Web Design Skill Requirements (or the lack thereof)

What Skill Set is Required Design to for the Web?
I lead and administrate a bunch of Google Groups (I'll leave a small list of links to some of these groups at the end of this post).  Because I run these groups and because I have been designing websites for over 14 years, I am often asked, "What do I need to know in order to be a web designer?"

I see the quick answer all the time, and it is wrong.  The quick answer is a small list...
  • HTML
  • CSS
  • Javascript
  • Flash
...that list is complete and utter bunk.

In order to be a professional web designer, the first and most important thing you must know is how to design.

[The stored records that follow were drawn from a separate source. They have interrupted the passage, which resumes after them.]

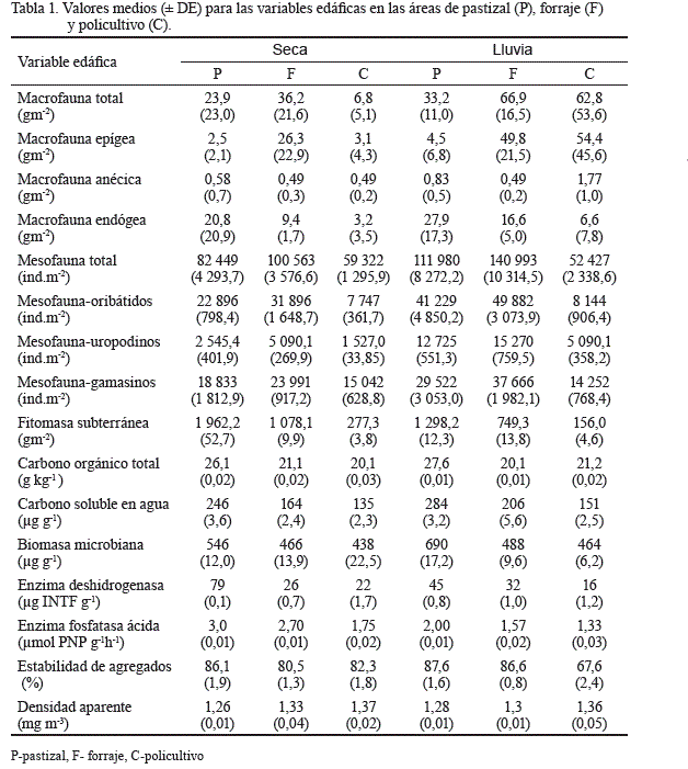 Variables biológicas, físicas y químicas. La mayoría de las variables edáficas estudiadas (10) mostraron valores superiores en las áreas de pastizal y forraje, tanto en los períodos de seca como de lluvia (tabla 1). La macrofauna total y la endógea siguieron este patrón, aunque la total no lo mantuvo en la temporada de mayores precipitaciones, pues sus valores más altos se manifestaron en el forraje y en el policultivo y no en el pastizal. La macrofauna endógea estuvo representada por las lombrices de tierra, que presentaron comúnmente una biomasa alta en los ecosistemas de pastizales, lo que coincide con lo hallado por Lavelle (1997), Bartz et al. (2013) y Chávez-Suárez et al. (2016). Dentro de la macrofauna, los organismos epígeos y anécicos se favorecieron con el manejo del forraje y del policultivo, sobre todo durante la lluvia. Ambos grupos funcionales tienen principalmente función detritívora y, por tanto, pudieron estar beneficiados por la entrada y calidad de la hojarasca de leucaena y de los diferentes cultivos en estos sistemas (Cabrera-Dávila et al., 2007).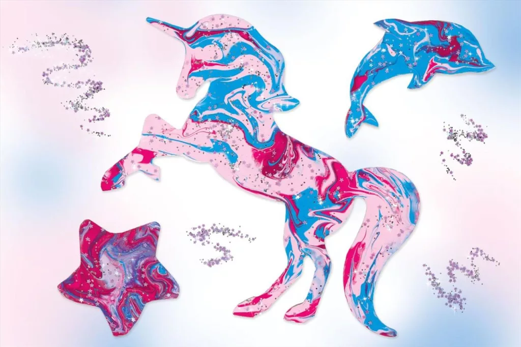 Ezzel a szetel elsajátíthatod a folyékony művészet készlettel, hogyan lehet lenyűgöző műalkotásokat létrehozni az élénk akril színek keverésével! Kövesd az útmutatót, és alkoss káprázatosan színes mintákat az unikornis, a delfin és a csillag formák felületén, hogy szobád egyedi díszei legyenek. Legyél kreatív !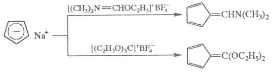 Получают фульвены конденсацией циклопентадиена с альдегидами и кетонами в присут. оснований. Для синтеза фульвенов, замещенных у атома С-6 на группу, содержащую гетероатом, используют иминиевые или карбоксониевые соли, напр.: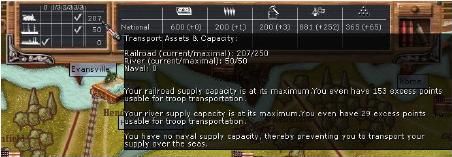 Jim-NC wrote:If you are the CSA, you do not get any sea transportation. Brigs allow you to run the blockade (bringing money/WS - see Chertio's post above). Transports allow you to move units and/or carry supply with them(the transports), but don't give you any sea transportation in your box in the upper left corner of the screen.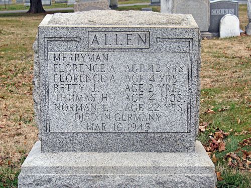 Pfc Norman E. Allen was employed by the Continental Diamond Fibre Company.He enlisted in Baltimore, Maryland on 20 August 1943.

This is the basic problem, we have so many people out there that can write code or throw-up a WYSIWYG (what you see is what you get) based editor generated layout and yet they cannot design themselves a way out of a paper bag.

I want to give you an example of a powerhouse that doesn't know how to design... Google.  Technically, it superior in development, but the anal idiocy and lack of intuitiveness with which is obviously inherent in many of its products is mind numbing.  Phones should not act like tablets and vice-versa.  Yet Google gives swipe motion commands that throws away my web pages in Chrome on My phone because it is is treating it as if it is a tablet.  All I wanted to do is scroll around for a better view on My zoomed-in screen, Google, but you didn't even bother to take that into account.  Another example is how illogically the interface for its proprietary "Sites" editor and page management interface is non-existant and fights the user trying to accomplish something.  Furthermore, the terminologies used in Sites are inexplicably wrong from either a design or development standpoint.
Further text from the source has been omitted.